ミクログリアによるタウタンパク質の取り込みを評価するための細胞ベースのアッセイ

着したマウスミクログリア(脳内の食細胞)を含む平底マルチウェルプレートから始めます。

免疫複合体を含む無血清培地を導入します。これらの複合体は、特定の神経変性疾患中に形成されるリン酸化タウタンパク質凝集体に結合した抗体で構成されています。

タウ凝集体は、pH感受性の緑色蛍光色素で標識されています。

インキュベーション中、これらの免疫複合体はミクログリア細胞のFc受容体と相互作用し、ミクログリア細胞の飲み込みを促進します。

この免疫複合体を含むエンドソームはリソソームと融合し、エンドリソソームを形成します。エンドリソソームの酸性環境により、色素分子が蛍光を発します。

洗浄して、内在化されていない免疫複合体を除去します。

トリプシン-EDTA溶液で処理して細胞を剥離します。

細胞懸濁液を氷上に配置されたU底プレートに移し、エンドリソソームを安定させます。細胞をペレット化し、上清を廃棄します。

細胞を洗浄し、FACSバッファーで再懸濁します。

FACSを使用して、単一の生細胞を同定し、緑色の蛍光強度を定量化して、ミクログリアによるタウの取り込みを評価します。

実験の初日に、BV-2細胞を培養したフラスコで1x PBSで洗浄して調製します。次に、0.05%トリプシンEDTAを摂氏37度および5%CO₂でフラスコから剥がれるまでインキュベートします。細胞を培地に再懸濁し、上下に3〜5回ピペッティングします。
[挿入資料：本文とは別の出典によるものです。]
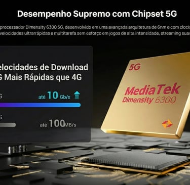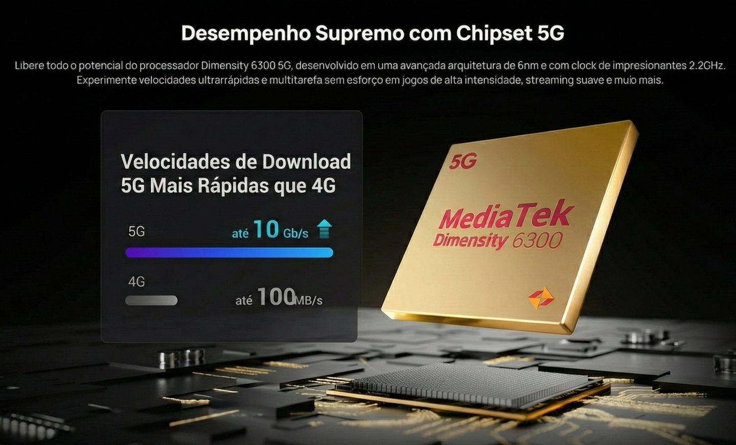 ✔ Processador MediaTek Dimensity 6300 octa-core de 6 nm com 5G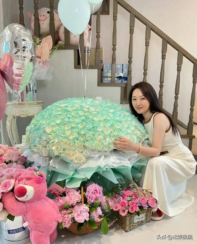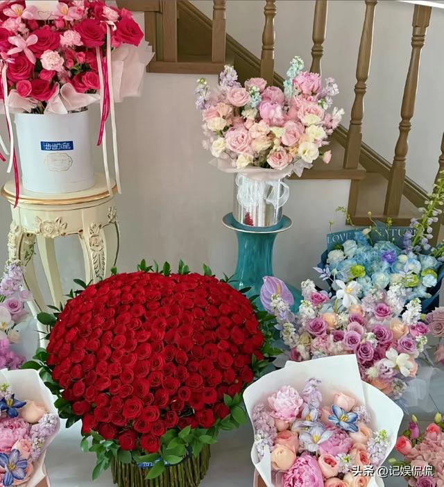 别墅的地上摆满了大束玫瑰,有99朵的,还有999朵的,杨钰莹特意蹲下与鲜花合影,颇有点儿浪漫满屋的意思了。

細胞をカウントし、200マイクログラム/ミリリットルのヘパリンを含む培地で最終濃度100,000細胞/ミリリットルの細胞懸濁液を調製します。96ウェル組織培養平底プレートにウェルあたり250マイクロリットルのこの細胞懸濁液を加えます。プレートを摂氏37度で5%CO₂で一晩インキュベートします。

以前に調製したpH色素タウ凝集体を氷上で解凍した後、無血清培地の条件ごとに65マイクロリットルで希釈して、500ナノモルの溶液を作ります。抗体を65マイクロリットルの無血清培地で希釈して、所望の濃度の2倍にします。pH色素タウ凝集体と抗体を96ウェルUボトムプレートで混合します。この希釈プレートを密封し、摂氏37度で一晩インキュベートします。

翌日、BV-2細胞を含む96ウェルプレートから培地を取り出します。各ウェルの細胞を100マイクロリットルの室温1x PBSで洗浄します。BV-2細胞プレートからPBSを除去します。マルチチャンネルピペットを使用して、125マイクロリットルの免疫複合体を希釈プレートから96ウェルBV-2細胞プレートの各ウェルに移し、摂氏37度で5%CO₂で2時間インキュベートします。

インキュベーション後、細胞から免疫複合体を取り除き、各ウェル内の細胞を100マイクロリットルの室温1x PBSで洗浄します。1x PBSを除去した後、50マイクロリットルの0.25%トリプシン-EDTAを加え、5%CO₂で摂氏37度で20分間インキュベートします。その後、200マイクロリットルの培養培地を加え、上下にピペッティングしてウェルを再懸濁し、細胞を切り離します。

細胞を96ウェルUボトムプレートに移し、摂氏4度で5分間400倍gで遠心分離します。プレートを氷の上に置き、培地を取り除きます。150マイクロリットルの氷冷1x PBSを加え、摂氏4度で5分間400 gで再度遠心分離します。プレートを氷の上に置き、以前に添加した1x PBSを取り除き、ウェルあたり150マイクロリットルの氷冷PBSを加えて再度洗浄します。同じ条件下で再度遠心分離します。

プレートを氷の上に置き、以前に添加したPBSを除去し、ウェルあたり150マイクロリットルのFACSバッファーを加えて細胞を洗浄します。再び400gで摂氏4度で5分間遠心分離します。プレートを氷の上に置き、以前に追加したFACSバッファーを取り除き、ウェルあたり200マイクロリットルのFACSバッファーに細胞を再懸濁します。直ちにFACSによる解析に進み、生細胞ゲートで20,000イベントを取得します。